■ YOUR ASSIGNMENT:
Please give back, exactly as written, the lines from the line with "Welcome to @blueoakresidences" to the line with "[인천광역신문] 관리자 기자" in the listing below, leaving out all pictures.

■ PROVIDED DATA:
□ □ □ □

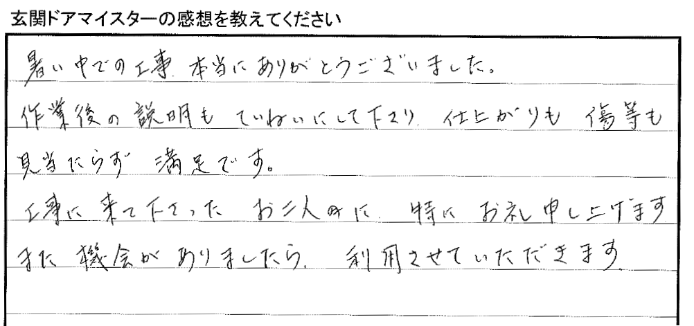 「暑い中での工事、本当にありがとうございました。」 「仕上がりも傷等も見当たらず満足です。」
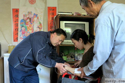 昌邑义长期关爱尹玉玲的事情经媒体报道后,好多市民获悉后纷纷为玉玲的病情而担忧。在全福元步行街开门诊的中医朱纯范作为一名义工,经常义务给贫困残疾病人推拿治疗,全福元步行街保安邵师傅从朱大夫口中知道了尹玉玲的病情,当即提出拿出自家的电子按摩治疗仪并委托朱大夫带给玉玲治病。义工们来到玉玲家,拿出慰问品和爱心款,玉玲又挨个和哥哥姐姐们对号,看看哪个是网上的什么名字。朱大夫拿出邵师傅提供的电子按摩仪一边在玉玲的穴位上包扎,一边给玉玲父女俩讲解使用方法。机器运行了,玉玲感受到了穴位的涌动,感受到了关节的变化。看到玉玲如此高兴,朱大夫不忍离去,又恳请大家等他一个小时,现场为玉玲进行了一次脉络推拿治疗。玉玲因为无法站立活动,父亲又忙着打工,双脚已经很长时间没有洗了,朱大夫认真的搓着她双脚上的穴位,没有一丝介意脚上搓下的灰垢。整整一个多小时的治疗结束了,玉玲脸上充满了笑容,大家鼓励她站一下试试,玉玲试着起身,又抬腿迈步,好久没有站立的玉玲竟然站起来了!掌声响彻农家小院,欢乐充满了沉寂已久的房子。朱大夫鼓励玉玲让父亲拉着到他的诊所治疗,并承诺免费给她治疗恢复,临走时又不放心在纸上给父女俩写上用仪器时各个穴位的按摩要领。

□ □ □ □

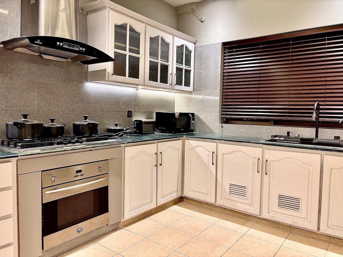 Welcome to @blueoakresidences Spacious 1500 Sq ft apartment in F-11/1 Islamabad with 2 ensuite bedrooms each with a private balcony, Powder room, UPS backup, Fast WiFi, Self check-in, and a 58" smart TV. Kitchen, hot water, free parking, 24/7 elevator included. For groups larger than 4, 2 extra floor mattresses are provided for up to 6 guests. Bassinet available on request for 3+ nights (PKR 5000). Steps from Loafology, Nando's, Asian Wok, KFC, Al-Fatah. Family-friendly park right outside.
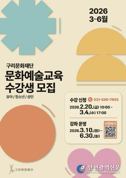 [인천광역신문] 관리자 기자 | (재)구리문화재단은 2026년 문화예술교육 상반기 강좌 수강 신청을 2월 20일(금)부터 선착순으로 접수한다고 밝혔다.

□ □ □ □

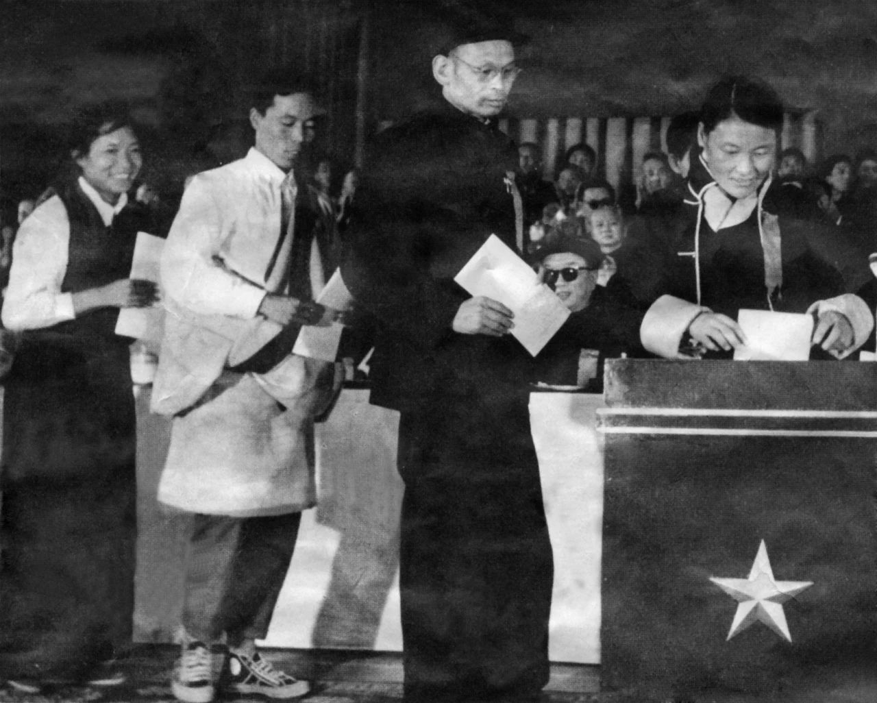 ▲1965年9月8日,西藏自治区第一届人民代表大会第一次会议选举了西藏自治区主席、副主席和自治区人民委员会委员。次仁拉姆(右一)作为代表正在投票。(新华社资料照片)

□ □ □ □

■ PROBLEM SOLUTION:
 Welcome to @blueoakresidences Spacious 1500 Sq ft apartment in F-11/1 Islamabad with 2 ensuite bedrooms each with a private balcony, Powder room, UPS backup, Fast WiFi, Self check-in, and a 58" smart TV. Kitchen, hot water, free parking, 24/7 elevator included. For groups larger than 4, 2 extra floor mattresses are provided for up to 6 guests. Bassinet available on request for 3+ nights (PKR 5000). Steps from Loafology, Nando's, Asian Wok, KFC, Al-Fatah. Family-friendly park right outside.
 [인천광역신문] 관리자 기자 | (재)구리문화재단은 2026년 문화예술교육 상반기 강좌 수강 신청을 2월 20일(금)부터 선착순으로 접수한다고 밝혔다.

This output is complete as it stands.